Antihypertensive Medication Selection During AKI
Once volume status is optimized and blood pressure remains elevated:
First-line agents (avoiding RAAS blockade initially):
- Dihydropyridine calcium channel blockers (amlodipine, nifedipine) 1
- Thiazide-like diuretics (chlorthalidone, indapamide) ONLY after volume repletion is complete 1
- Beta-blockers if concurrent coronary disease or heart failure 1
Avoid initially:
- ACE inhibitors and ARBs until kidney function stabilizes 1, 2
- Combination ACE inhibitor + ARB therapy is contraindicated 1
- Mineralocorticoid receptor antagonists carry hyperkalemia risk 1
Monitoring Parameters
Daily monitoring requirements 2, 4, 3:
- Serum creatinine daily to assess AKI trajectory
- Electrolytes (particularly potassium and bicarbonate)

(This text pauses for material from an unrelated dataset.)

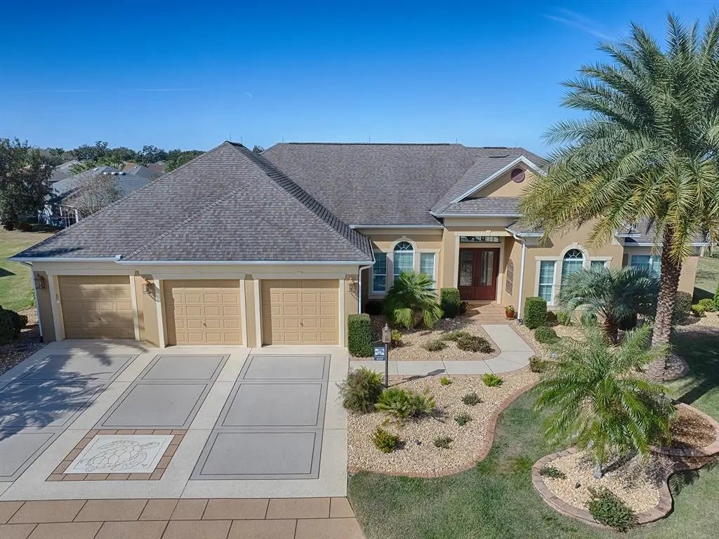 LOVELY 4 BEDROOM, 3 BATH, GRANDVIEW PREMIER with OVERSIZED 3 CAR GARAGE, with AN AMAZING HEATED POOL and OUTDOOR LIVING SPACE on an OVERSIZED LOT with PRIVACY in a QUIET CUL-DE-SAC located in the VILLAGE OF LAKE DEATON! This beautiful home offers lovely curb appeal with CUSTOM CONCRETE COATED DECORATIVE drive and walkway, stacked stone curbing, rock beds, and indigenous shrubs and palms. ELEGANT double LEADED GLASS front doors with transom enhance this appeal and entrance. You’ll find LOVELY TILE flooring in the foyer, living and dining rooms, kitchen, family room, and hallways with STUNNING BAMBOO HARDWOOD flooring in all of the bedrooms. This “GRAND” floor plan offers features rarely seen in many homes. The WET BAR is a great addition, fully equipped with a beverage refrigerator, built-in wine rack, sink and plenty of cabinet space. And the Butler’s Pantry is another useful area right off the kitchen. The kitchen has LOVELY CHERRY cabinetry with GRANITE countertops, TILE backsplash, STAINLESS APPLIANCES, ICE MAKER, 2 WALL OVENS, under cabinet lighting, an island, a closet pantry with pull out drawers, and a WALK-IN PANTRY. There is CROWN MOLDING, CORNICES, and upgraded ceiling fans throughout the home with many tray ceilings trimmed in crown. This popular split floor plan offers privacy for you and your guest with the guest suite on the opposite side from the primary bedroom. The 2 guest rooms share a guest bath which offers a tub/shower. The 3rd guest room is off the foyer and is a popular room for an office but it does have a closet. The primary bedroom has a door that leads out to the pool area and an EN SUITE bath with 2 large walk-in closets, granite counters, dual sinks, a vanity, and a ROMAN SHOWER! You’ll love the outdoor space with the HEATED POOL, SUMMER KITCHEN, a POOL BATH, plenty of room for entertaining, upgraded lighting around the pool area, and COMPLETE PRIVACY! The SUMMER KITCHEN has a Blaze Gas Grill and HOOD, refrigerator, granite countertops, and sink and bar area. And wait until you see the OVERSIZED 3 CAR GARAGE with custom Polyaspartic coated flooring! With over 1000+ sf, this garage offers plenty of room for your cars, golf carts, anything else you need to store! Convenient workbench with a sink, ceiling fans, insulated garage doors, and pull down attic stairs! Other features this lovely home offers is a CENTRAL VACUUM SYSTEM, Sonos Sound System, A-1 Lighting System, additional attic insulation in the entire home as well as the lanai and garage, and expanded landscaping in the front and rear. This is a LOVELY home in a great location whether it’s GOLF, RECREATION, SHOPPING, DINING, or ENTERTAINMENT that you’re looking for, it’s close to home! The Evans Prairie Championship Golf Course, the Eisenhower Recreation Center, and Brownwood Paddock Square are just a short golf car ride away! COME SEE THIS LOVELY HOME TODAY!

- Urine output with goal >0.5 mL/kg/hour
- Blood pressure measurements
Within 2-4 weeks of any medication change, check basic metabolic panel to monitor for electrolyte abnormalities and changes in kidney function 1.
Common Pitfall: Intensive BP Lowering in Severe Hypertension
Caution with severe presentation hypertension (SBP ≥220 mmHg): Patients presenting with SBP ≥220 mmHg who undergo intensive BP lowering to <140 mmHg have significantly higher rates of AKI (odds ratio 2.6) compared to those with lower presentation BP 6. This suggests more gradual BP reduction may be safer in extreme hypertension with concurrent AKI.
Renal Replacement Therapy Indications
Initiate RRT when conservative management fails and any of the following develop 2, 4, 3:
- Severe oliguria/anuria persisting >48 hours despite optimal fluid resuscitation
- Refractory hyperkalemia
- Severe metabolic acidosis
- Volume overload with pulmonary edema
- Uremic complications
- Stage 3 AKI (creatinine >3× baseline) failing to improve
Prefer continuous RRT over intermittent hemodialysis in hemodynamically unstable patients, as it causes lower fluid shifts and reduced hemodynamic instability 4, 3.
Reintroduction of RAAS Blockade
Once AKI resolves and kidney function stabilizes:
Resume ACE inhibitor or ARB therapy for long-term management if 1:
- Albuminuria ≥300 mg/day or ≥300 mg/g creatinine ratio present
- CKD stage 3 or higher
- Diabetes with any degree of albuminuria
The 2019 KDOQI commentary emphasizes that continuation of ACE inhibitors/ARBs as kidney function declines to eGFR <30 mL/min/1.73 m² may provide cardiovascular benefit without significantly increasing risk of end-stage kidney disease 1.
Long-Term Follow-Up Strategy
Monitor serum creatinine every 2-4 weeks for 6 months after discharge to detect recurrent AKI 2, 4, 3. Evaluate kidney function at 3 months post-AKI to assess for resolution, new-onset CKD, or worsening of pre-existing CKD 4, 3.
Target intensive follow-up to high-risk populations: those with Stage 3 AKI, incomplete recovery at discharge, or baseline CKD 2, 4.